Data records:
○ ○ ○

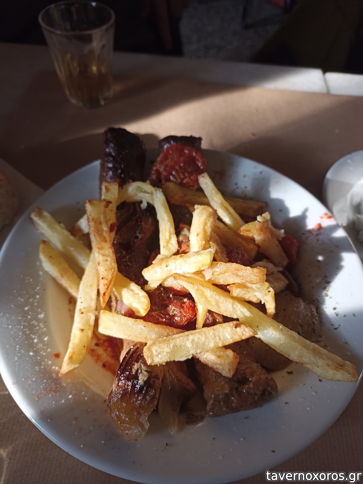 Καθίσαμε για τσίπουρο (χύμα άνευ, ευκολόπιοτο, μια χαρά), το οποίο έρχεται μαζί με ατομικό πιατάκι μεζέ. Το πενηνταράκι όπως το ζύγιασα, στα 2€.
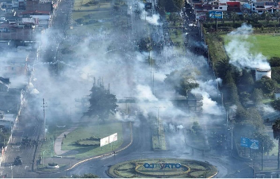 El gobierno nacional de Daniel Noboa, asesorado por el sionismo y Trumpismo, tanto desde la gestión pública como por empresas privadas de “seguridad” ensaya un escenario similar a Gaza e hiperfocaliza “al otro” “al indígena como terrorista” en la provincia de Imbabura y ataca con más de 5 000 militares fuertemente armados, con drones, helicópteros, vehículos de guerra a la población civil conformada por personas de la Nacionalidad Kichwa (Cotacachi, Otavalo). Pichincha (Cayambe, Quito: barrios del pueblo Kitu Kara), Loja (Saraguro). También a población afroecuatoriana en la provincia de Imbabura, en Carchi a población mestiza. Además, bombardeo a una montaña asesinando a animales silvestres. En la siguiente fotografía se observa la represión de policías y militares a la población de Otavalo.
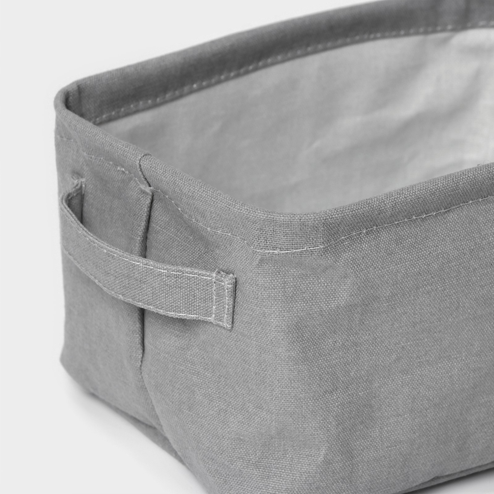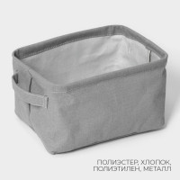 Array. Декоративная корзинка — прекрасное решение для того, кто желает освежить облик своего жилища. Корзинка создана для людей, которые ценят комфорт и порядок в доме. Компактный размер позволяет корзинке органично вписываться в любое пространство: в гостиную, кухню или ванную комнату. Изделие сочетает изящество и практичность: у каждой мелочи будет своё место!Универсальная корзина для хранения подойдет для любых домашних вещей, особенно одежды, белья и игрушек. Хорошо держит форму, легко складывается. В сложенном виде занимает мало места в отличии от стандартных ящиков и коробок для хранения. Прочная, легкая, симпатичная корзина станет незаменимым помощником в организации пространства квартиры или дома!Удобную корзину с ручками можно при необходимости переносить в любое место. Цвет: Серый Форма: Прямоугольная Ширина, см: 23 Высота, см: 12 Глубина, см: 16 Крышка: Нет Материал: Хлопок Основной материал: Текстиль Форма: Прямоугольник  развернуть описание ▼
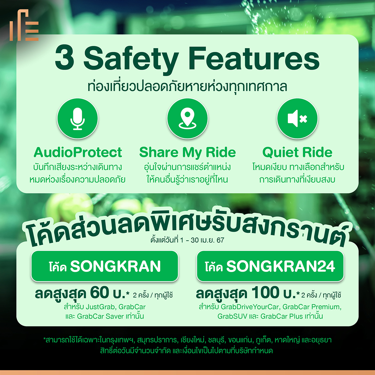 ยังไม่หมดเพียงเท่านั้น! เพราะเดือนนี้ Grab ยังมาพร้อมกับส่วนลดพิเศษรับสงกรานต์ ที่แจกให้ผู้ใช้เดินทางช่วงเทศกาลได้แบบจุใจ ตั้งแต่วันที่ 1 – 30 เม.ย. 67
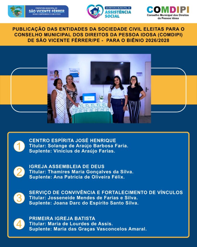 A Prefeitura Municipal de São Vicente Férrer, por meio da Secretaria Municipal de Assistência Social, torna pública a relação das entidades da sociedade civil eleitas para compor o Conselho Municipal dos Direitos da Pessoa Idosa (COMDIPI) no biênio 2026–2028.
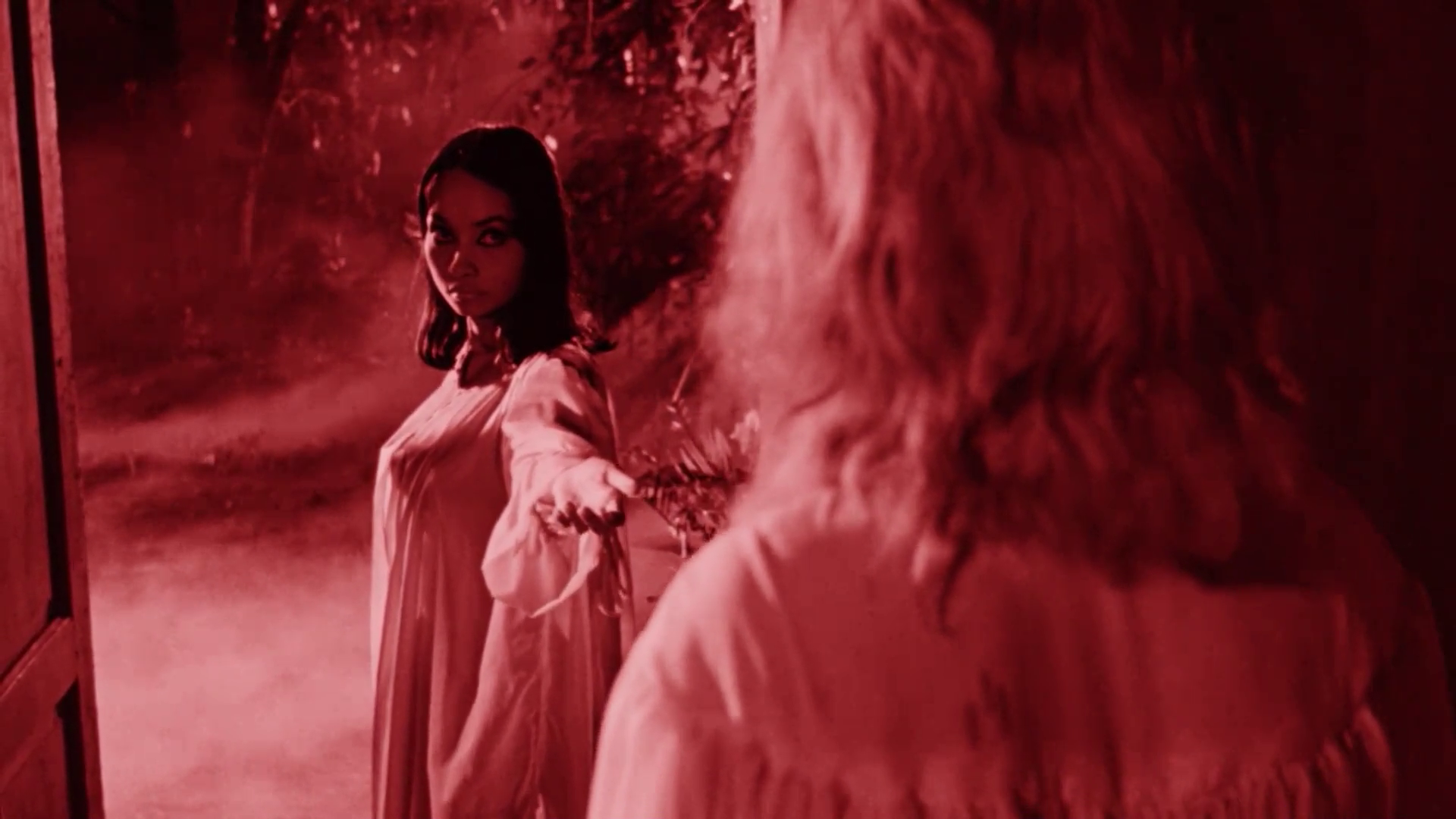 In age-old gothic horror tradition The Blood Drinkers is a morality play on good and evil and a very Catholic one at that. If the heavy-handed narration doesn’t make it clear, the continual religious iconography certainly will (or should). What this most resembles is a very loose retelling of Bram Stoker’s Dracula. The main plot recreates most of the key events and each lead character has a book counterpart and is true to their respective arc. Dr. Marco is Count Dracula, Charito and Katrina are Elisabeta and Mina Murray Harker, Victor de la Cruz and Ruben are Jonathan Harker, Tanya and Doña Marissa are R. M. Renfield, and the priest as Professor Abraham Van Helsing. The Living Corpse (1967) from director Khwaja Sarfraz did the unlicensed adaptation thing a lot smoother than de León and Cesar Amigo do here. The Living Corpse (1967) is even more impressive considering it was made in Pakistan. More than anything the color scheme is what ensured this its cinematic longevity. Since color stock was in short supply in the Philippines and thus too expensive to use carelessly The Blood Drinkers was shot alternately in color and black-and-white (later tinted in hues of blue, pink, red, magenta). Not only does this color-coding greatly enhance the atmosphere, it actually has a contextual function. Whenever Marco appears - or whenever the vampires prey on their victims and dread rises - the screen will be painted red (characters will even break the fourth wall and exclaim “It’s all red!”), suspenseful scenes are dyed in blue with pink and magenta appearing for the character scenes in between. There are scenes in color, but they are far and few, and headscratchingly random. A harana ensemble has an entire dedicated color segment for their nightside courtship serenade, a young maiden is exsanguinated in the jungle by Marco but the kill is not in color whereas the immediate aftermath is. It truly boggles the mind. The score from Tito Arevalo is suitably bombastic, portentious, and creaky. Oh yeah, there’s even a rubber bat on a string that the American distributors loved. As always, the original Tagalog version (with subtitles) is preferable but the edited international English-language version is charming in its own dim-witted American way.
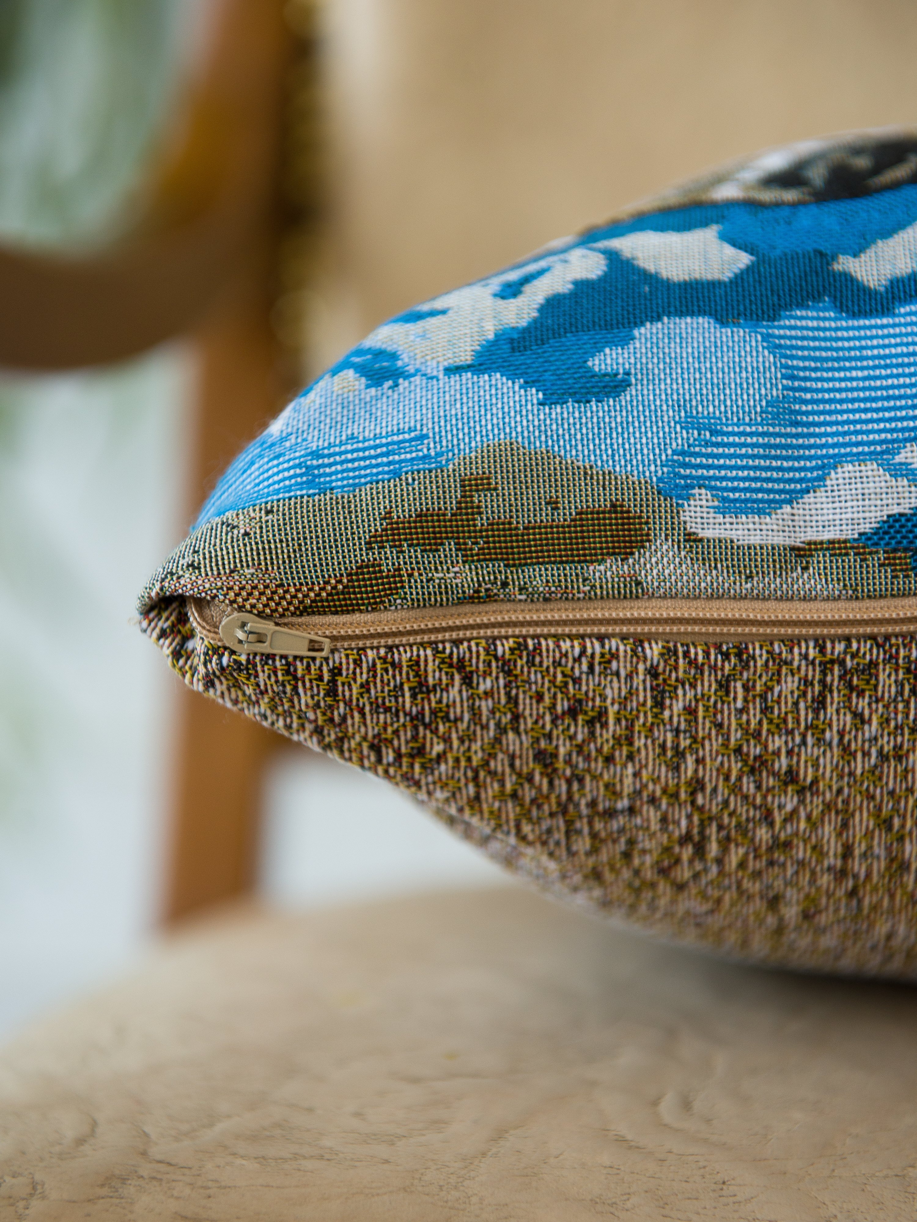 Гобеленовая наволочка для декоративной подушки. Размер наволочки: 38x38см. производство Россия. Изделие собственного производства сшито из отечественной жаккардовой ткани. Задняя часть выполнена из мебельной рогожки так же Российского производства. Все ткани используемые для производства декоративной наволочки производятся с соблюдением ТУ и ГОСТ РФ. Собственное швейное производство позволяет контролировать качество продукции на всех этапах до поступления на склад и предлагать покупателям товары высокого качества по выгодным ценам. Состав ткани 100% полиэстер. Плотность гобелена 380 г/кв.м. Наволочка подходит для подушек размером от 36 до 40 см. Продается без подушки-наполнителя. Подушку-наполнитель так же можно купит у нас. Размер наволочки может отличаться от заявленного +/- 2 см. Допускается деликатная машинная стирка при температуре 30 градусов. Гладить при средней температуре.

○ ○ ○

Exercise
An exact transcription of all the entries is required, without the pictures.

Response box
 Καθίσαμε για τσίπουρο (χύμα άνευ, ευκολόπιοτο, μια χαρά), το οποίο έρχεται μαζί με ατομικό πιατάκι μεζέ. Το πενηνταράκι όπως το ζύγιασα, στα 2€.
 El gobierno nacional de Daniel Noboa, asesorado por el sionismo y Trumpismo, tanto desde la gestión pública como por empresas privadas de “seguridad” ensaya un escenario similar a Gaza e hiperfocaliza “al otro” “al indígena como terrorista” en la provincia de Imbabura y ataca con más de 5 000 militares fuertemente armados, con drones, helicópteros, vehículos de guerra a la población civil conformada por personas de la Nacionalidad Kichwa (Cotacachi, Otavalo). Pichincha (Cayambe, Quito: barrios del pueblo Kitu Kara), Loja (Saraguro). También a población afroecuatoriana en la provincia de Imbabura, en Carchi a población mestiza. Además, bombardeo a una montaña asesinando a animales silvestres. En la siguiente fotografía se observa la represión de policías y militares a la población de Otavalo.
 Array. Декоративная корзинка — прекрасное решение для того, кто желает освежить облик своего жилища. Корзинка создана для людей, которые ценят комфорт и порядок в доме. Компактный размер позволяет корзинке органично вписываться в любое пространство: в гостиную, кухню или ванную комнату. Изделие сочетает изящество и практичность: у каждой мелочи будет своё место!Универсальная корзина для хранения подойдет для любых домашних вещей, особенно одежды, белья и игрушек. Хорошо держит форму, легко складывается. В сложенном виде занимает мало места в отличии от стандартных ящиков и коробок для хранения. Прочная, легкая, симпатичная корзина станет незаменимым помощником в организации пространства квартиры или дома!Удобную корзину с ручками можно при необходимости переносить в любое место. Цвет: Серый Форма: Прямоугольная Ширина, см: 23 Высота, см: 12 Глубина, см: 16 Крышка: Нет Материал: Хлопок Основной материал: Текстиль Форма: Прямоугольник  развернуть описание ▼
 ยังไม่หมดเพียงเท่านั้น! เพราะเดือนนี้ Grab ยังมาพร้อมกับส่วนลดพิเศษรับสงกรานต์ ที่แจกให้ผู้ใช้เดินทางช่วงเทศกาลได้แบบจุใจ ตั้งแต่วันที่ 1 – 30 เม.ย. 67
 A Prefeitura Municipal de São Vicente Férrer, por meio da Secretaria Municipal de Assistência Social, torna pública a relação das entidades da sociedade civil eleitas para compor o Conselho Municipal dos Direitos da Pessoa Idosa (COMDIPI) no biênio 2026–2028.
 In age-old gothic horror tradition The Blood Drinkers is a morality play on good and evil and a very Catholic one at that. If the heavy-handed narration doesn’t make it clear, the continual religious iconography certainly will (or should). What this most resembles is a very loose retelling of Bram Stoker’s Dracula. The main plot recreates most of the key events and each lead character has a book counterpart and is true to their respective arc. Dr. Marco is Count Dracula, Charito and Katrina are Elisabeta and Mina Murray Harker, Victor de la Cruz and Ruben are Jonathan Harker, Tanya and Doña Marissa are R. M. Renfield, and the priest as Professor Abraham Van Helsing. The Living Corpse (1967) from director Khwaja Sarfraz did the unlicensed adaptation thing a lot smoother than de León and Cesar Amigo do here. The Living Corpse (1967) is even more impressive considering it was made in Pakistan. More than anything the color scheme is what ensured this its cinematic longevity. Since color stock was in short supply in the Philippines and thus too expensive to use carelessly The Blood Drinkers was shot alternately in color and black-and-white (later tinted in hues of blue, pink, red, magenta). Not only does this color-coding greatly enhance the atmosphere, it actually has a contextual function. Whenever Marco appears - or whenever the vampires prey on their victims and dread rises - the screen will be painted red (characters will even break the fourth wall and exclaim “It’s all red!”), suspenseful scenes are dyed in blue with pink and magenta appearing for the character scenes in between. There are scenes in color, but they are far and few, and headscratchingly random. A harana ensemble has an entire dedicated color segment for their nightside courtship serenade, a young maiden is exsanguinated in the jungle by Marco but the kill is not in color whereas the immediate aftermath is. It truly boggles the mind. The score from Tito Arevalo is suitably bombastic, portentious, and creaky. Oh yeah, there’s even a rubber bat on a string that the American distributors loved. As always, the original Tagalog version (with subtitles) is preferable but the edited international English-language version is charming in its own dim-witted American way.
 Гобеленовая наволочка для декоративной подушки. Размер наволочки: 38x38см. производство Россия. Изделие собственного производства сшито из отечественной жаккардовой ткани. Задняя часть выполнена из мебельной рогожки так же Российского производства. Все ткани используемые для производства декоративной наволочки производятся с соблюдением ТУ и ГОСТ РФ. Собственное швейное производство позволяет контролировать качество продукции на всех этапах до поступления на склад и предлагать покупателям товары высокого качества по выгодным ценам. Состав ткани 100% полиэстер. Плотность гобелена 380 г/кв.м. Наволочка подходит для подушек размером от 36 до 40 см. Продается без подушки-наполнителя. Подушку-наполнитель так же можно купит у нас. Размер наволочки может отличаться от заявленного +/- 2 см. Допускается деликатная машинная стирка при температуре 30 градусов. Гладить при средней температуре.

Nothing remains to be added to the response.